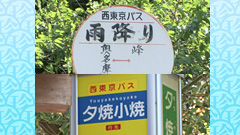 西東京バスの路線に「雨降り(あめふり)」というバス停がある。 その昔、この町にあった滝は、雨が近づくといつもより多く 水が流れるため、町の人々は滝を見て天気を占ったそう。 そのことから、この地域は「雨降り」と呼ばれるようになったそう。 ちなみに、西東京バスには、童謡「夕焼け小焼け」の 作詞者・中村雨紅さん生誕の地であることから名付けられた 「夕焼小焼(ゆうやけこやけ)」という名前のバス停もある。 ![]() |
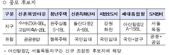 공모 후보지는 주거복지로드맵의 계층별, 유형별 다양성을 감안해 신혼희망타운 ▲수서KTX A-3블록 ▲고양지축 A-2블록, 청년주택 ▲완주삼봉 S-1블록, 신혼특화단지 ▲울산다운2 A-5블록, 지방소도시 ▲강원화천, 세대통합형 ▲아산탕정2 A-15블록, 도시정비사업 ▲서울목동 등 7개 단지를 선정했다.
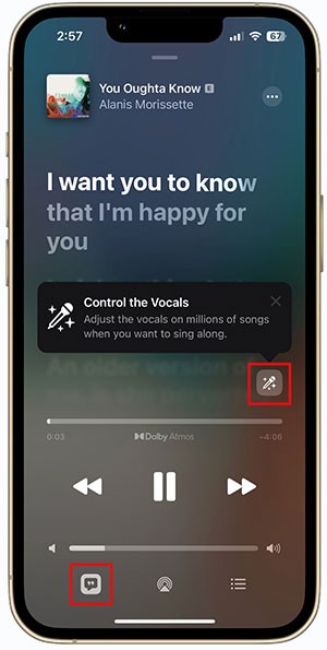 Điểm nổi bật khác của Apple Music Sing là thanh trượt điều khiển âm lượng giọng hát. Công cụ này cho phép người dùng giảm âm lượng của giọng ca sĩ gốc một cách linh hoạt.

YOUR INSTRUCTIONS: What is needed here is an exact repetition of the listing above, pictures excluded.

YOUR SOLUTION:
 西東京バスの路線に「雨降り(あめふり)」というバス停がある。 その昔、この町にあった滝は、雨が近づくといつもより多く 水が流れるため、町の人々は滝を見て天気を占ったそう。 そのことから、この地域は「雨降り」と呼ばれるようになったそう。 ちなみに、西東京バスには、童謡「夕焼け小焼け」の 作詞者・中村雨紅さん生誕の地であることから名付けられた 「夕焼小焼(ゆうやけこやけ)」という名前のバス停もある。 ![]() |
 공모 후보지는 주거복지로드맵의 계층별, 유형별 다양성을 감안해 신혼희망타운 ▲수서KTX A-3블록 ▲고양지축 A-2블록, 청년주택 ▲완주삼봉 S-1블록, 신혼특화단지 ▲울산다운2 A-5블록, 지방소도시 ▲강원화천, 세대통합형 ▲아산탕정2 A-15블록, 도시정비사업 ▲서울목동 등 7개 단지를 선정했다.
 Điểm nổi bật khác của Apple Music Sing là thanh trượt điều khiển âm lượng giọng hát. Công cụ này cho phép người dùng giảm âm lượng của giọng ca sĩ gốc một cách linh hoạt.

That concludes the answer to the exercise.